Bir saatlik iş bırakma eylemi sonrasında Türkiye Yol İş sendikası Kayseri 2 Nolu Şube Başkanı Yaşar Durak Ayerdem tarafından yapılan açıklamada şöyle denildi:

"Sürekli sabırlı olmamız istendi ama bıçak kemiğe dayandı. Bundan sonra sözümüzü meydanlarda yüz binler ile söyleyeceğiz. Ekonomik krizin bedelini işçiler olarak biz ödemeyeceğiz. Markete, pazara, temel tüketim ürünlerine, tepeden tırnağa her şeye her gün zam geliyor. Dün aldığımızı aynı fiyatla bugün alamaz olduk. Büyükşehirlerde ev kiraları ortalamada asgari ücretin üzerine çıktı. Okullar açıldı, eğitim masrafları altından kalkılamaz bir hale geldi. Analar, babalar ‘çocuğumuzu okula nasıl göndereceğiz’ diyor. Elektriğe ve doğal gaza geçtiğimiz aylarda yüzde 38 zam geldi. Önümüz kış, işçisi, emeklisi kışı nasıl geçireceğiz diye kara kara düşünüyor. Kişi başına düşen gelir artıyor ama işçinin ve emeklisinin geliri değil sefaleti artıyor. Ülkemizde gelir adaleti hızla bozuldu. İşçilerin milli gelirden aldığı pay azalırken işverenlerin payı her geçen gün artmaktadır.

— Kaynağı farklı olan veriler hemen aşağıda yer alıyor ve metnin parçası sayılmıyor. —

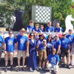 Am traditionellen Volksfestzug nahmen dieses Jahr 108 Gruppen teil, die von ca. 25.000 Zuschauen beklatscht wurden. Auch wir hatten wieder einen Wagen mit Schachmotiven geschmückt und an zwei Demo-Brettern wurden während des Umzugs Partien gespielt.

Buradan tekrar söylüyoruz; asgari ücretin açlık sınırının altında olduğu, en düşük emekli maaşının asgari ücretten de düşük olduğu bir toplumda huzuru tesis etmek mümkün değildir. Sosyal barış olmaz. Geçmiş yıllarda da ekonomik krizler yaşandı. Geçim şartları ağırlaştı. Ancak bu dönemde olduğu kadar yoksulluk görülmedi. İşçiler mağdur olmadı. Enflasyon kadar ücret zammı yoksulluğun sürmesidir. Kaldı ki açıklanan enflasyon yaşadığımızı gerçeğin çok uzağındadır. Bizi yansıtmıyor. Açıklanan resmi enflasyona göre belirlenen ücret zammı bizi daha da yoksullaştırıyor. Gerçek enflasyon oranları açıklanmazsa bu kayıp daha da artacaktır. Enflasyonun bir an önce gerçek seviyesinde açıklanması için gerekli adımlar atılmalıdır. İşçiler enflasyonun sebebi değildir. Enflasyonu düşürmek için fedakarlığı kazancını ve servetini artıranlar yapmalıdır. Ülkemizde gelir adaletini sağlamak için vergide adaletin sağlanması gerekir.   Az kazanandan az çok kazanandan çok vergi alınmalıdır. Bu ülkenin sağladığı kaynakları kullanarak servet elde edenler var ama işçinin ödediği kadar vergi vermiyorlar."